Document Actions
Changing the World is Not Enough
Hosted by John Zurick (February 2007)
Is social entrepreneurship ready for the real challenge?As a social entrepreneur, I worry. Changing the world through the work of one social entrepreneur at a time is not good enough. Improving life for even one person is worthy. It changes the world…one heartbeat at a time. And sooner or later, as life for enough people is changed for the positive we will reach a tipping point beyond which the entire world will change itself into a better place. I believe this will happen, given time.
But what if it doesn’t happen soon enough? What if we don’t have the time it will take? What if the world tips the other way first? Some days, for every tip toward a better world there is an opposite and greater tip toward a horrific world.
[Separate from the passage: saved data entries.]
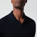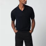 Tagliatore Blue openwork cotton polo shirt
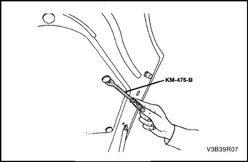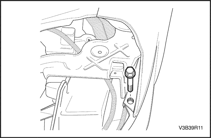 Затянуть передние болты, крепящие облицовку к крылу, с усилием 2,5 Н•м (22 фунт-дюйма).
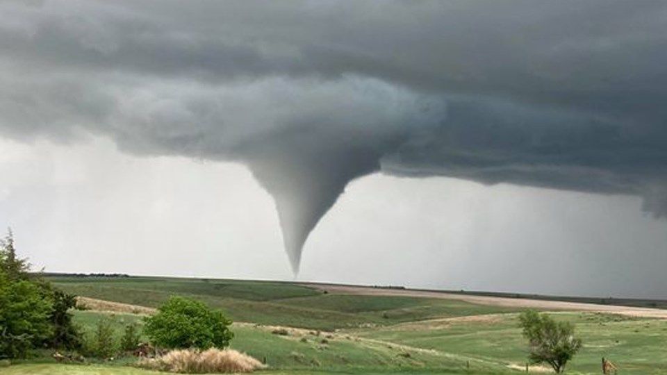 Scattered to numerous severe thunderstorms are expected to move east to northeast across the region this afternoon and evening. An outbreak of severe weather is possible, especially across southern Kansas, after about 4 p.m. The most intense storms may generate baseball to softball sized hail, very damaging winds up to 80 mph, and tornadoes. A few of the tornadoes could be strong and potentially long-track before 11 p.m.”
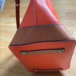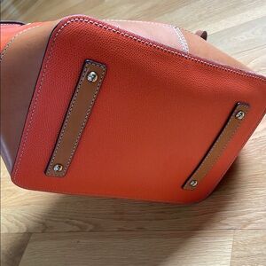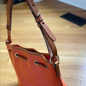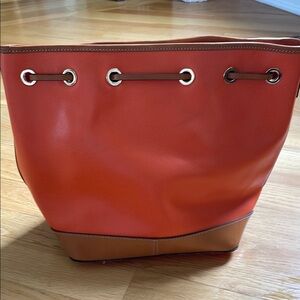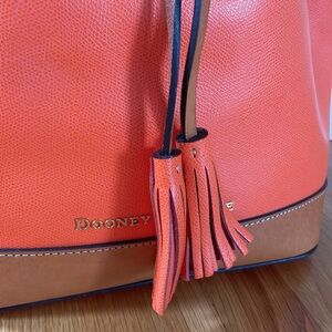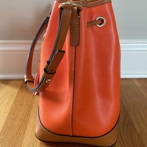 This Dooney & Bourke tote bag showcases a vibrant orange and tan color scheme, crafted from a textured leather material for a luxurious feel. Its spacious bucket design offers ample storage, while the drawstring closure and decorative tassel add a trendy touch. This one is stunning and gorgeous in all seasons.
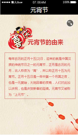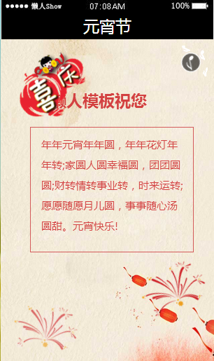 模板简介:该模板名称为【免费轻app微信HTML5移动场景喜庆元宵节应用模板源码制作】,大小是,文档格式为.,推荐使用打开,作品中的图片,文字等数据均可修改,图片请在作品中选中图片替换即可,文字修改直接点击文字修改即可,您也可以新增或修改作品中的内容,该模板来自用户分享,如有侵权行为请联系网站客服处理。欢迎来懒人模板【场景应用】栏目查找您需要的精美模板。
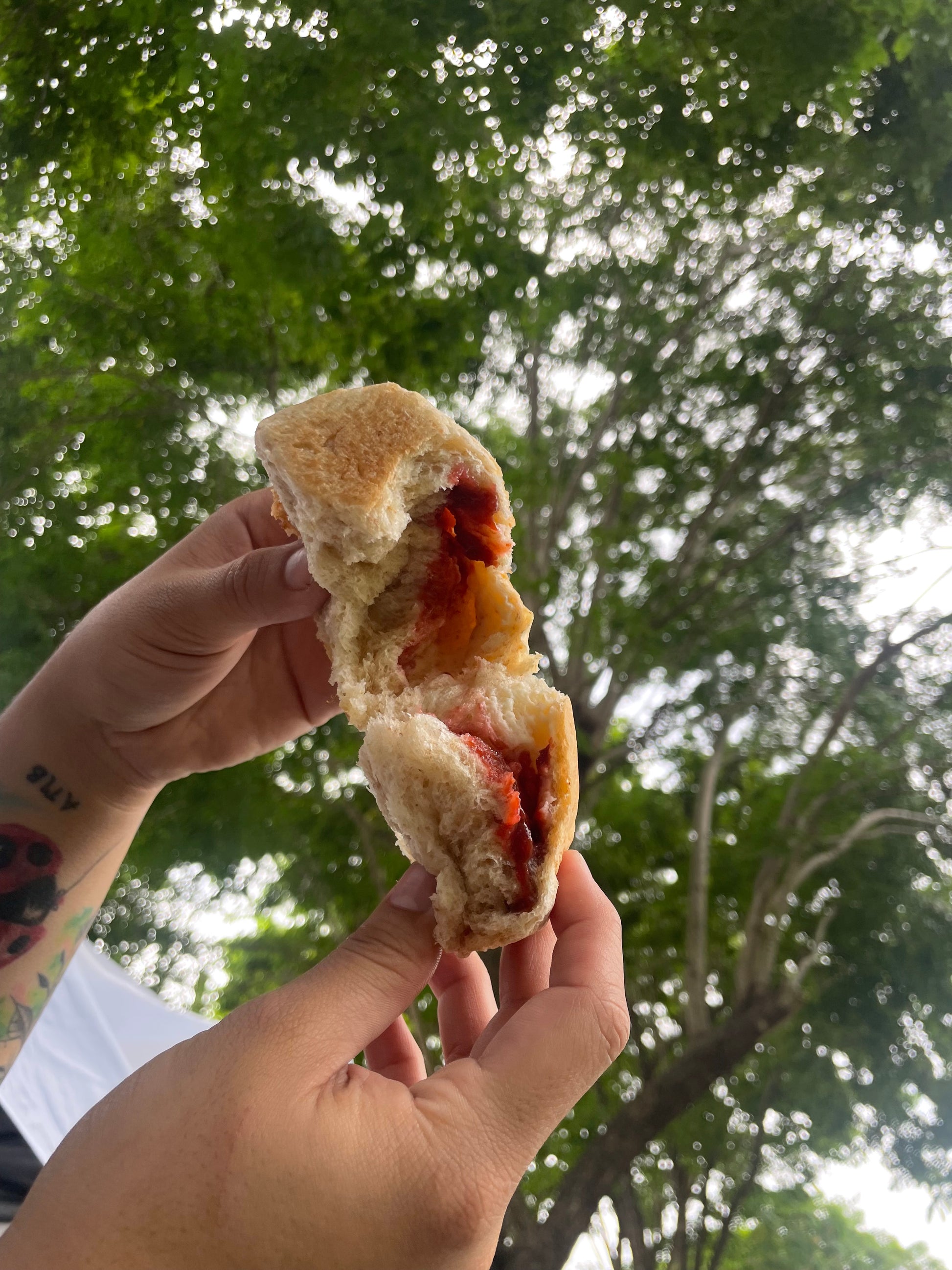 Ingredientes: harina,agua,aceite, azúcar, sal, levadura, queso crema y guayaba.
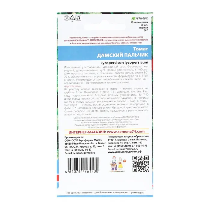 Семена Томат "Дамский Пальчик", детерминантный 20 шт — Характеристики
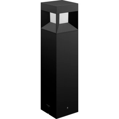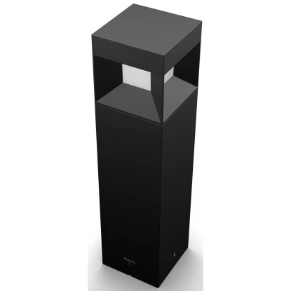 Die schwarze Philips Parterre LED-Sockelleuchte für den Außenbereich bringt einen Lichtwürfel in einem widerstandsfähigen Gehäuse aus Aluminium-Druckguss zum Schweben. Das geniale Design richtet gestreute, warmweiße Lichtstrahlen auf Gehwege und offene Außenbereiche.
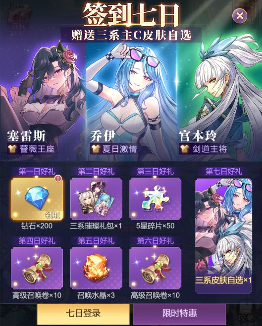 ✪活动二 7日登录签到 赠送三系主C皮肤自选✪
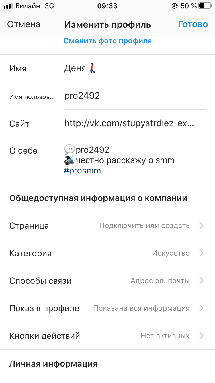 Если вам по какой-нибудь причине необходимо изменить категорию или контактные данные, сделать это можно следующим образом: На главной странице профиля нажмите «Редактировать профиль»
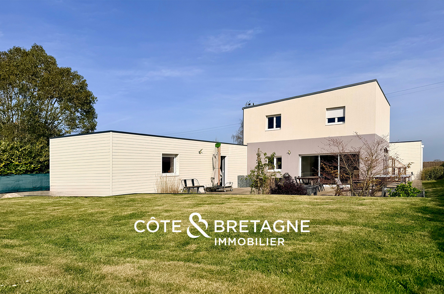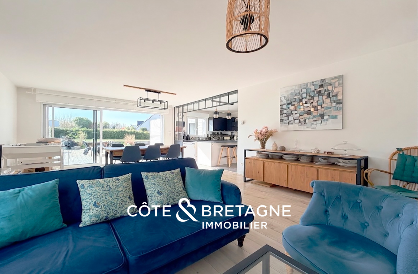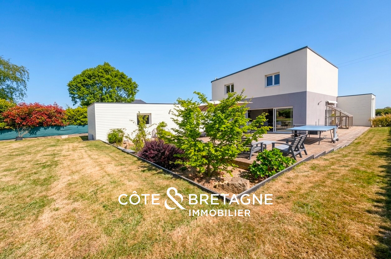 Cette maison à vendre à Yffiniac réunit des critères particulièrement recherchés : construction bois récente, excellente performance énergétique, vie de plain-pied, quatre chambres, vaste terrasse de 100 m² et atelier indépendant. Un lieu de vie cohérent, fonctionnel et ouvert sur l’extérieur, à quelques minutes de Saint-Brieuc.
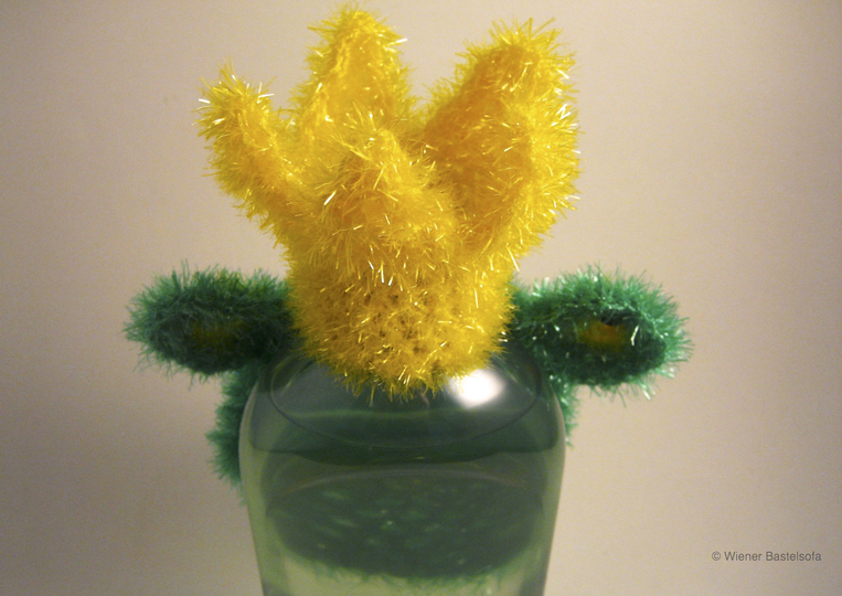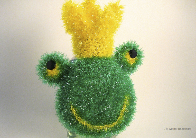 Mit je einem Garn in gelb und grün kannst du 4 Stück häkeln (in gelb bleibt noch viel Rest für andere Projekte) und so auch anderen Menschen eine Freude bereiten... egal ob du ihn als Einstandsgeschenk zu einer Wohnungseinweihung verschenkst oder deinem Prinz/ deiner Prinzessin so sagen willst, dass er/ sie heute kein Frosch sein und den Abwasch machen soll.
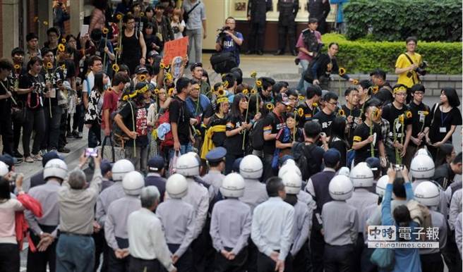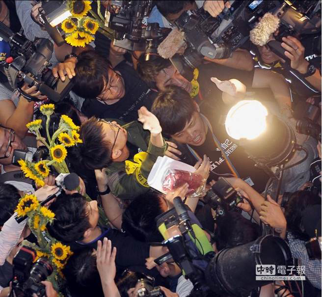 占領“立法院”議場的學生10日傍晚在發表聲明后,人手一枝太陽花,在警力的戒備下步出議場。(圖片來自臺媒)
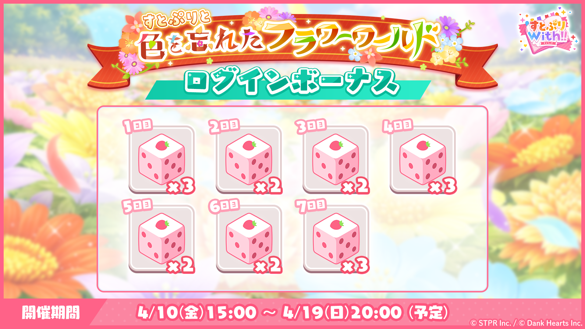 本日より、「すとぷりと色を忘れたフラワーワールド すごろくイベント ログインボーナス」を実施中です。
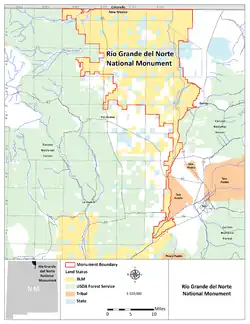 Das Rio Grande del Norte National Monument steht unter der Verwaltung des Bureau of Land Management (BLM). Die gesamten Flächen befinden sich im Bundesbesitz und wurde bereits vor der Ausweisung vom BLM betreut.[1]
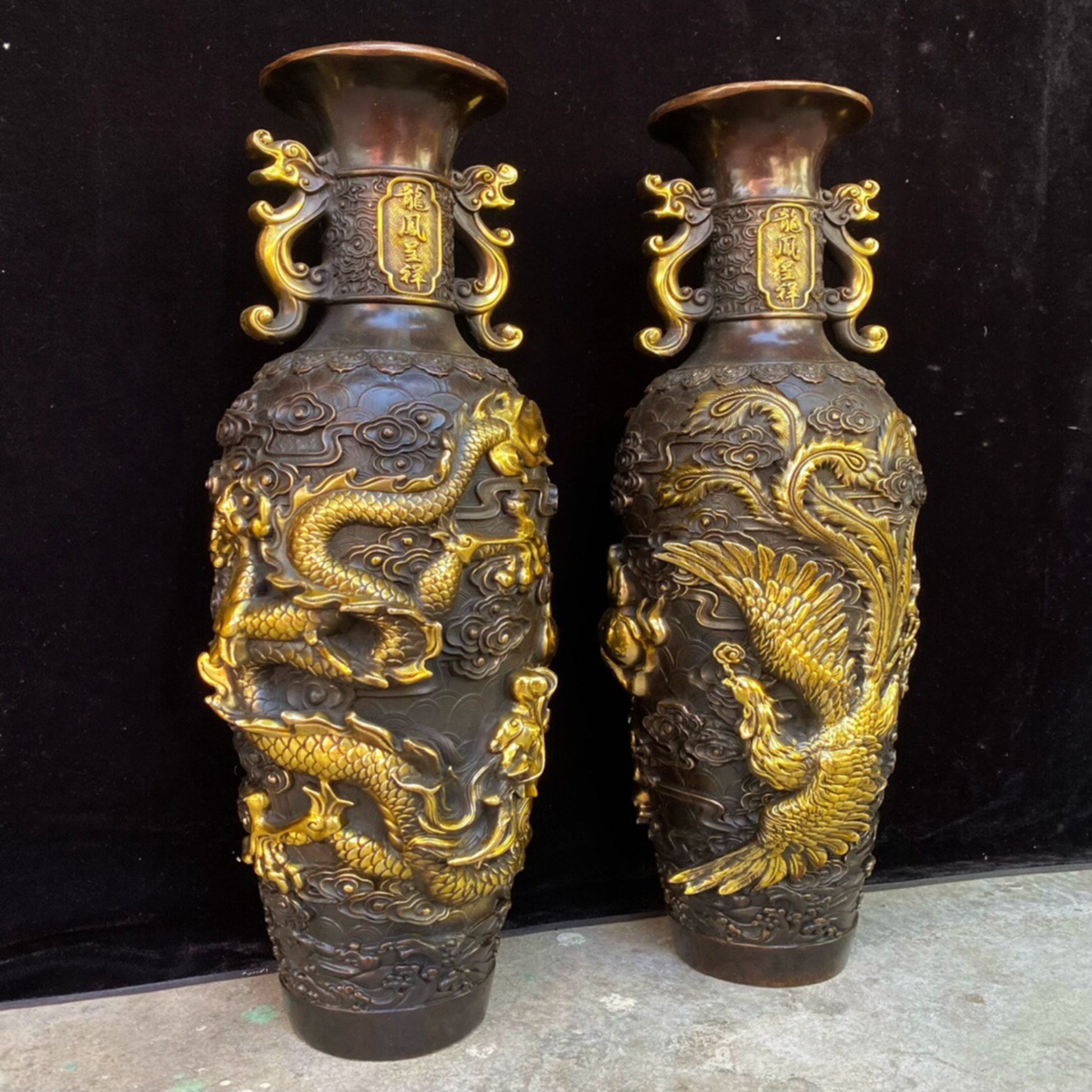 A pair of Chinese antique pure copper dragon and phoenix auspicious vases
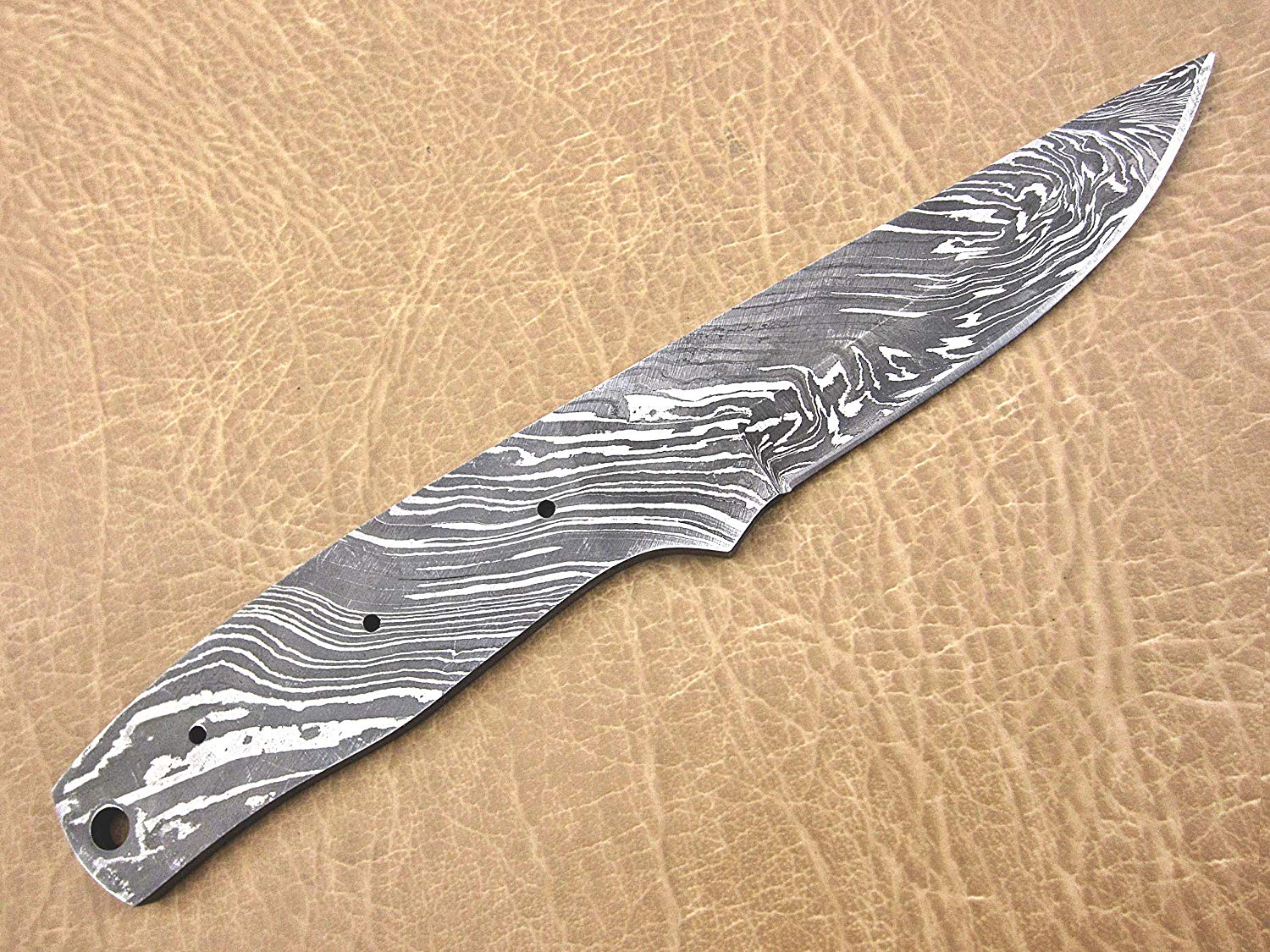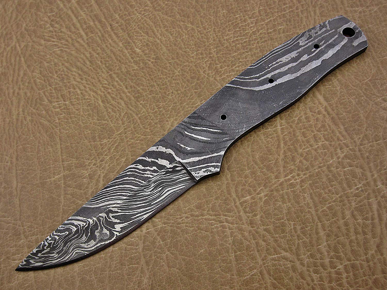 8.25 inches Long Hand Forged Damascus Steel Blank Blade Skinning Knife with 3 Pin Hole & an Inserting Hole Space 4 inches Cutting Edge

What if those days overpower the good days?
A new wilderness is engulfing us. How we see this forest for its trees and who leads us through it could make the difference between life and death for civilization as we know it.
Social entrepreneurship is the manner of leadership that can restore a global vision of a better world. But social entrepreneurs will need to reach higher, think bigger and work harder. Changing the world is not enough. Social entrepreneurs need to save the world.
If we make it across the new frontier and tame this wilderness of beliefs and ideas as we go, we will discover a world beyond imagination. If we don’t make it…that’s beyond imagination too.
• Are we social entrepreneurs today looking honestly around us and far enough into the future?
• We know social entrepreneurs can change the world. But can we save the world?
• Is there more we should be doing?
Please take a couple minutes to weigh in on these questions.
Call me crazy, but an exchange of ideas here just might take us all a step closer to saving the world.
Join in the conversation below.


Where do we go from here?
Fifty years from now, by most forecasts, the population of the world will have grown by two-thirds, bringing the total humans on the planet to ten billion. People of different skin colors, ethnicities, religions and ideologies will share more crowded societies around the globe. Scientific and ethical challenges will sprint through the coming decades side by side, each competing to beat the other in a race that has no finish line. Never before has humankind faced the veritable hemorrhage of knowledge, ideas, beliefs, conflicts, deprivation and possibilities—from sublime to monstrous—it faces now. This is an unexplored world. It will not survive and sustain a civilization with leadership that merely addresses these many challenges one by one, relying on the principles and practices that carried us across the twentieth century. We are entering a new land now; we need a new style of leadership. No current leadership style meets this challenge. Social entrepreneurship comes close. How do we as social entrepreneurs take a more global view? And how do the leaders with global influence recognize and adopt a long term global vision?